Councilor Andrea Campbell: So what has become abundantly clear from folks who have followed the CO-OP and also looked at their reports, including one most recently in 2015, is that it's ineffective in creating true accountability with respect to the police department in incidents and complaints of misconduct. And so the ordinance I've introduced alongside councilors Arroyo and Mejia specifically creates a civilian review board that is independent from the Boston Police Department, which the CO-OP panel is not. It creates a broader authority to investigate complaints, including subpoena power, ways to file the complaints — more accessible and easier for people to do that. It also allows not only civilians to file complaints, but police officers to file complaints against other police officers if they see some wrongdoing. It calls for data collection and transparency, and most importantly, it creates an actual office to support the work of the board that is resourced and staffed. All of these things I just mentioned currently are not available to the CO-OP and make it extremely difficult for that body to be effective in creating accountability for the police department.
Mathieu: That's quite a list. Who would serve on the panel, Councilor? How would you ensure its diversity?
Campbell: So right now, the ordinance requires that it consists of 11 members and there's a joint appointment between the mayor and city council, to balance out power. But we would leave it to the board, almost similar to the Community Preservation Act, where there is a committee. The board will put forth an application process. We were very successful in creating such a process for the Community Preservation Act board and committee, and I think we can do the same here to ensure diversity not only in terms of demographics, neighborhood and experience, of course, but also in terms of age, with the ordinance calling for one member between the age of 18 and 21.
Mathieu: Understood. Let's say there is an infraction [and] we have a suspected case of misconduct. The board would investigate and report findings along with recommended discipline to the police commissioner. If I understand that right, what if he or she decides not to act?
Campbell: Well, the difference between this board and the CO-OP, the CO-OP makes a recommendation and that is it. The commissioner decides whether or not he is going to adopt that. In the ordinance, it puts forth a matrix where there has to be a set of criteria, and so when they put forth a recommendation to the commissioner, he can't just simply say 'Yea' or 'Nay.' He has to respond according to this matrix with specific details as to why he may or may not enforce the recommendation of the board. So it's really specific, and my goal is to make it more enforceable. Of course, this connects to the collective bargaining negotiations going on right now, and I'm hoping the mayor will push for greater transformation in that agreement to allow for more effectiveness with respect to the board and disciplinary recommendations.
Mathieu: Well, that's important. So the commissioner would be required to respond one way or the other.
Mathieu: Mayor Walsh said yesterday that he will review your proposal — he was asked about it — as he waits for recommendations from his own task force. Do you consider the mayor to be an ally in this fight?

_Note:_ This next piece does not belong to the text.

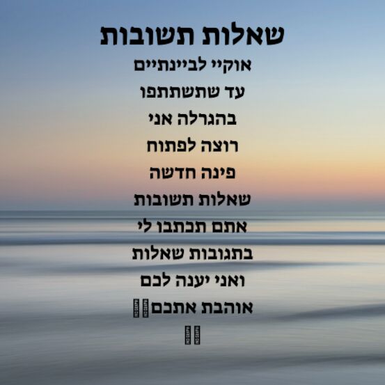 אני יעשה מהר תשובות לכל השאלות שלכם בקרוב תעקבו |
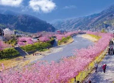 À Kawazu, les touristes viennent surtout pour les sources chaudes mais aussi pour ses cerisiers précoces qui fleurissent dès février, les premiers de la région du Kanto. En remontant vers l’intérieur des terres on pourra poursuivre jusqu’au temple de Shuzenji ou les Sept Cascades.

Campbell: He has to be. To get this done, we need him to sign this [and] we need him to be at the bargaining table pushing for greater reforms in the contract to allow for a more even effective ordinance. I have drafted an ordinance that is the most powerful given the limitations that currently exist. But this work, I will tell you, was underway long before the task force. And I was sort of disappointed in that I have filed hearing orders on this for years and they haven't gone anywhere. And now, of course, in the midst of George Floyd and what is happening nationally, we are moving on this. But it's sad that it's taken such tragedy for us to get it. We know in Boston we are not immune to folks having incidents that are disrespectful or other issues of misconduct with respect to our own police officers. But residents have been complaining for years that they don't think there's an apparatus that they can go through that would create true accountability. I hope that this would be something that they see as something that will work for them.
Mathieu: So why, Councilor Campbell, has it taken so long? And do you agree with critics that the current collective bargaining system and union protections are part of the problem?

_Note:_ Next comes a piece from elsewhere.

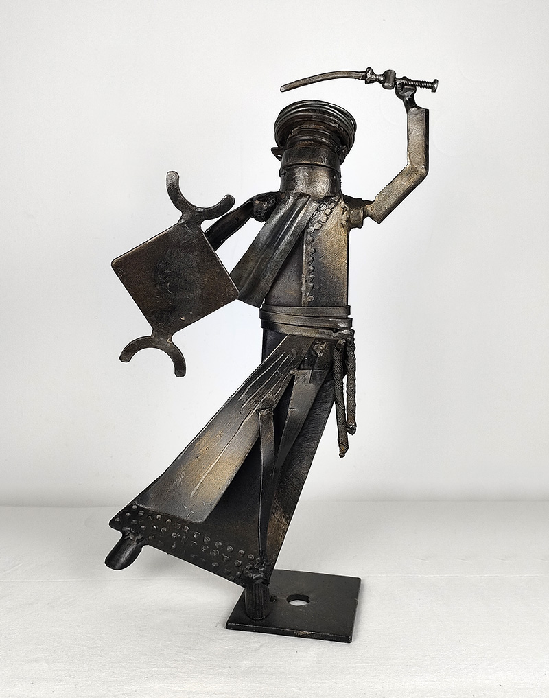 Mehdi Tafadjira, artiste plasticien de Ghardaïa, réalise des œuvres exclusivement à partir d’objet de récupération. « Le Targui » est l’un de ses thèmes emblématiques.

Campbell: I think that's one question for the mayor's administration. Why has it taken so long? This, along with many other reforms that I'm pushing for including efforts to diversify our police department, which is still overwhelmingly, predominantly white [and] for our police department to be more transparent with data. Stop and frisk data, traffic stops — all that information we currently do not release publicly. This ordinance calls for that transparency with respect to data, too. There are a lot of things on the table that have taken, I think, too long to actually actualize. So it's a question for him, but my hope now is that we get this done, the time is now and that we do it in partnership.